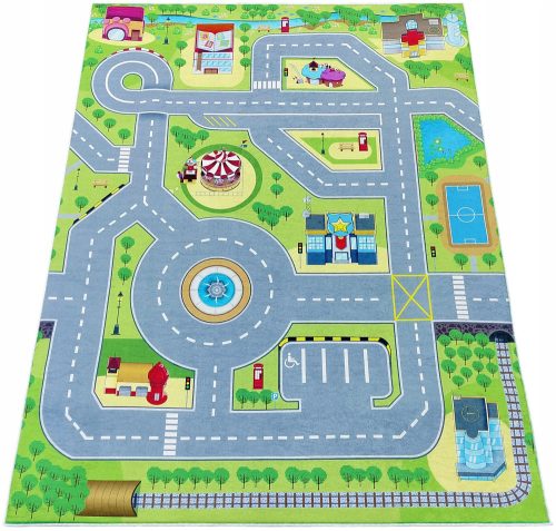 Dywan dla dzieci w formie ulicy, idealny do zabawy i tworzenia różnych scenariuszy. Jest wykonany z materiałów, które są bezpieczne dla dzieci i przyjazne dla skóry.
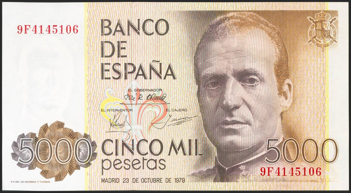 5000 Pesetas. 23 de Octubre de 1979. Serie especial 9F. (Edifil 2021: 478b). Raro. SC-.
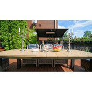 Материалы - нержавеющая сталь (каркас), искусственный ротанг (плетение), древесно-полимерный материал (столешница), ткань olefine (подушки)
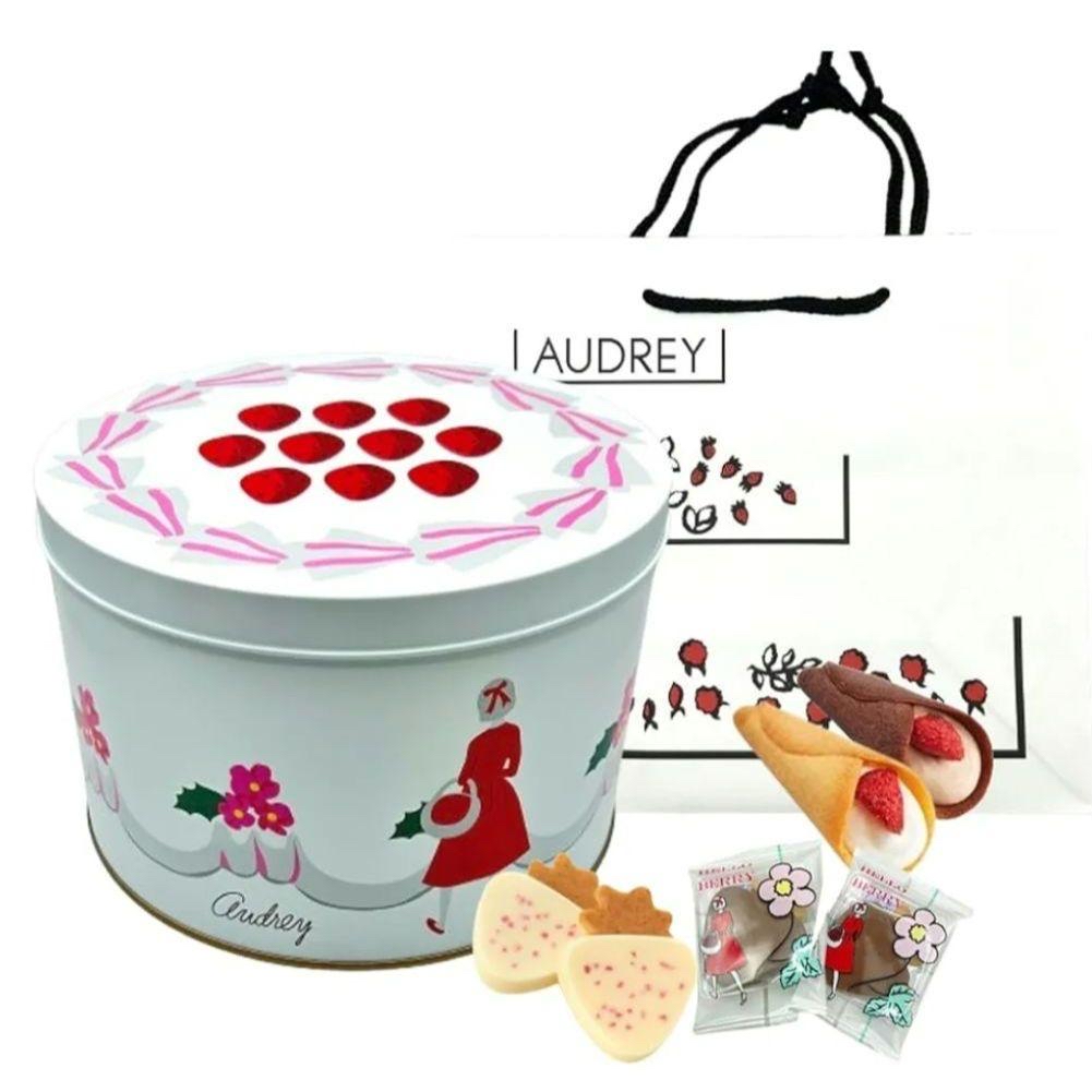 日本直送 聖誕限定,每年爆款 Audrey 聖誕限定白色禮盒15入大罐 🔗歡迎網站落單 ❤️AUDREY最招牌的商品就是這個「Gracia 草莓花束」把餅乾捲起來像是花束的模樣,裡面除了奶油之外還點綴了草莓乾。一整束包起來,就像是花束一樣超好看,送禮也很有面子!以紀念日花束當作靈感,所以每到情人節前夕,「AUDREY」的人氣更是高得不得了呢~ 一款外觀精美鐵盒Audrey廣受歡迎的烘焙食品組合。 🌸**令人愉悅的禮物,就像送上一束草莓。 ** 一份飽含心意的禮物,送給特別的人。 【產品概述】 一個受歡迎的草莓糖果品牌, 隆重介紹一款精美禮品,內含裝在可愛巧克力蛋糕圖案鐵盒中的糖果。 這是一個令人興奮的組合,打開它的那一刻,它就會用迷人的香氣和色彩充滿你的心。 無論是作為禮物、回禮,或是犒賞自己,都是完美之選。 【推薦作為禮物】 這款優雅的白色罐身印有一位身穿紅色連身裙的女孩的精美圖案。 它華麗優雅的設計使之成為絕佳的禮物。 也推薦作為慶祝禮物、感謝禮物或節日禮物。 【產品規格】 內容包括:15入 6塊冰河牛奶巧克力 6塊冰河巧克力 2塊Hello Berry白巧克力 1塊Hello Berry牛奶巧克力。 直徑:約17.5厘米 高度:約11.5厘米 內含:10 件(2 種類型) 最佳食用日期:自生產日期起至少一個月 儲存方法:避免陽光直射、高溫和潮濕。 品牌:Audrey 📆1/12截12pm 📆15/12左右到
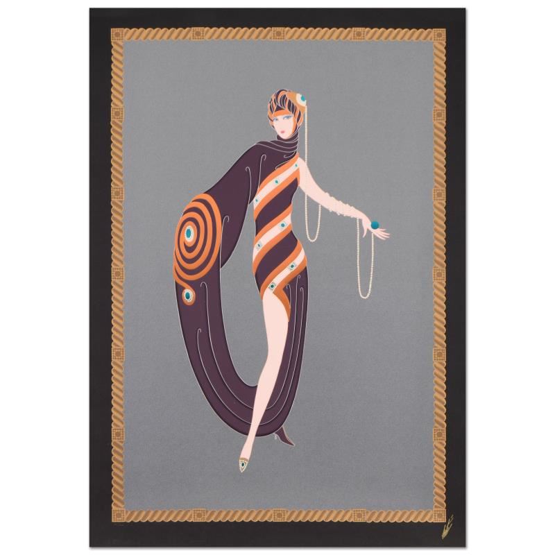 "Pearls and Emeralds" is a limited edition serigraph on paper by Erte (1892-1990), numbered and estate signed. Includes Certificate of Authenticity. Measures approx. 29.5" x 42.5" (border), 27" x 29" (image). Due to the age of this piece and the delicate nature of the paper it may have some slight imperfections.
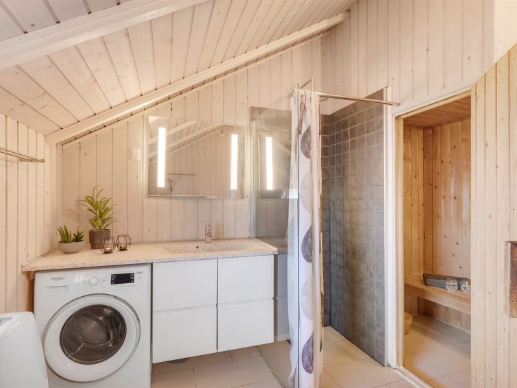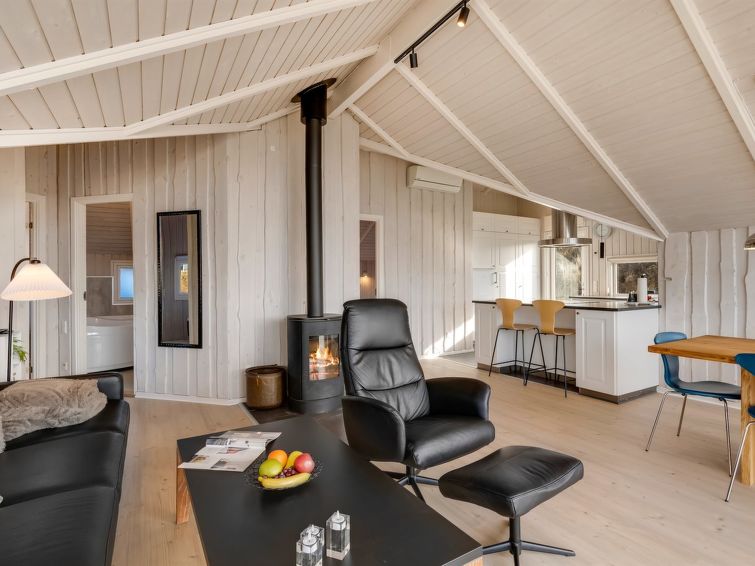 "Velena" - from the sea in Western Jutland", 3 rom hus 93 m2. Passer for 6 voksne + 1 barn. Stue med, TV, CD-spiller, stereoanlegg og DVD. 1 rom med, 1 dobbeltseng. 1 rom med, 1 dobbeltseng. 1 rom med 2 senger. Kjøkken (stekeovn, oppvaskmaskin, 4 induksjonskomfyr, mikrobølgeovn, frys). Dusj/WC, boblebad. Terrasse 5 m2, dekt. Fasiliteter: høy barnestol barneseng (ekstra). Internett (trådløs LAN [WLAN]). Vennligst merk: røykfri bolig. Max kjæledyr/små hunder tillatt 3 kjæledyr/små hunder tillatt.
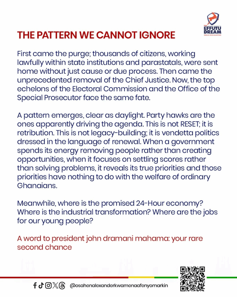 Mr Afenyo-Markin said the pattern of dismissals witnessed over the past year raises serious concerns about the direction of governance. According to him, the actions of the administration show a shift from national renewal to political retribution.
______________________________
**What you should do**
Exercise for the records above: copy only the lines from the one with "Материалы - нержавеющая" to the one with "some slight imperfections.", both ends kept, and drop the pictures.

**Solution below**
 Материалы - нержавеющая сталь (каркас), искусственный ротанг (плетение), древесно-полимерный материал (столешница), ткань olefine (подушки)
 日本直送 聖誕限定,每年爆款 Audrey 聖誕限定白色禮盒15入大罐 🔗歡迎網站落單 ❤️AUDREY最招牌的商品就是這個「Gracia 草莓花束」把餅乾捲起來像是花束的模樣,裡面除了奶油之外還點綴了草莓乾。一整束包起來,就像是花束一樣超好看,送禮也很有面子!以紀念日花束當作靈感,所以每到情人節前夕,「AUDREY」的人氣更是高得不得了呢~ 一款外觀精美鐵盒Audrey廣受歡迎的烘焙食品組合。 🌸**令人愉悅的禮物,就像送上一束草莓。 ** 一份飽含心意的禮物,送給特別的人。 【產品概述】 一個受歡迎的草莓糖果品牌, 隆重介紹一款精美禮品,內含裝在可愛巧克力蛋糕圖案鐵盒中的糖果。 這是一個令人興奮的組合,打開它的那一刻,它就會用迷人的香氣和色彩充滿你的心。 無論是作為禮物、回禮,或是犒賞自己,都是完美之選。 【推薦作為禮物】 這款優雅的白色罐身印有一位身穿紅色連身裙的女孩的精美圖案。 它華麗優雅的設計使之成為絕佳的禮物。 也推薦作為慶祝禮物、感謝禮物或節日禮物。 【產品規格】 內容包括:15入 6塊冰河牛奶巧克力 6塊冰河巧克力 2塊Hello Berry白巧克力 1塊Hello Berry牛奶巧克力。 直徑:約17.5厘米 高度:約11.5厘米 內含:10 件(2 種類型) 最佳食用日期:自生產日期起至少一個月 儲存方法:避免陽光直射、高溫和潮濕。 品牌:Audrey 📆1/12截12pm 📆15/12左右到
 "Pearls and Emeralds" is a limited edition serigraph on paper by Erte (1892-1990), numbered and estate signed. Includes Certificate of Authenticity. Measures approx. 29.5" x 42.5" (border), 27" x 29" (image). Due to the age of this piece and the delicate nature of the paper it may have some slight imperfections.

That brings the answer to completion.